To distinguish between these two cases, there is a constant builtin_type_id_mask, which indicates the bits used for the builtin type id. This is used by the dtype.is_builtin() method to test whether only the lowest bits are set.

The interface to a dtype is defined by virtual functions in the base class extended_dtype. These functions can be broadly grouped into three different kinds, functions which operate on just dtypes, functions which use the dtype and metadata together, and functions which use dtype, metadata, and data together.

This API is presently designed for use from C++, and with some stabilization of the fundamental dtypes for arrays and various primitives, an important development will be to create a C API that wraps the C++ implementation.
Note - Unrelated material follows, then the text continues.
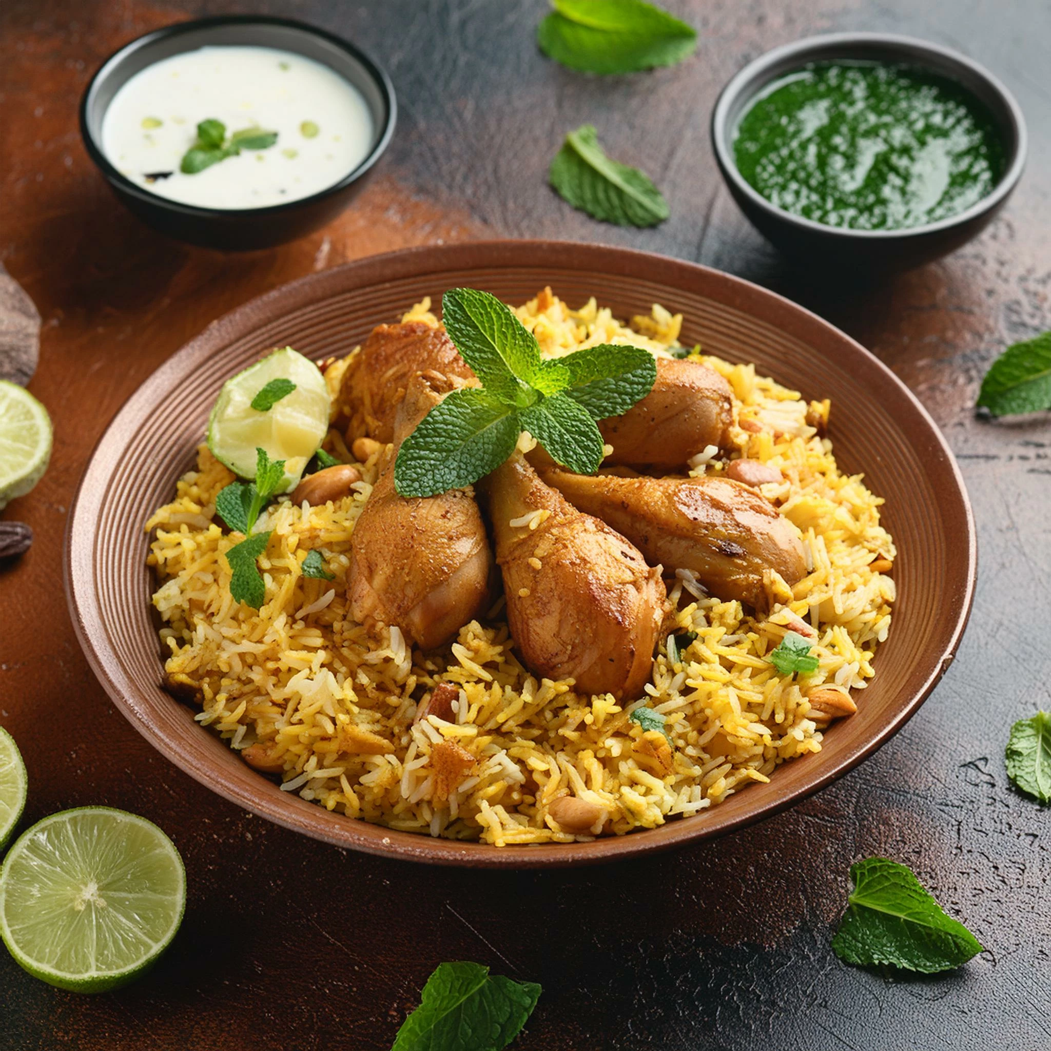 Chicken Biryani with mint sauce

Whether and how to create a mechanism to create new dtypes in other languages like C or Python is something for later.

One likely development path is to restructure the extended_dtype type hierarchy so that is has a predictable memory layout irrespective of the C++ compiler it is created with. The tricky part of this is to maintain the convenience, performance, and brevity of C++ virtual functions in creating such a scheme.

Example: Accessing a One-dimensional Strided Array

The structure of a simple 1D strided array is as follows, as seen from Python:

>>> a = nd.array([1, 2, 3, 4])
>>> nd.debug_repr(a)
------ array
 address: 00000000004DA8C0
 refcount: 1
 type:
  pointer: 000000000050F240
  type: strided * int32
 metadata:
  flags: 5 (read_access immutable )
  type-specific metadata:
   strided_dim metadata
    stride: 4
    size: 4
 data:
   pointer: 00000000004DA900
   reference: 0000000000000000 (embedded in array memory)
------

>>> nd.type_of(a)
ndt.type('strided * int32')

>>> nd.dtype_of(a)
ndt.int32

If you have a raw pointer to this object, you can first check its dtype by inspecting it as a pointer to dynd::array_preamble, whose structure is given above. After checking that the type_id of the type is strided_dim_type_id, the type can be cast to a strided_dim_type pointer.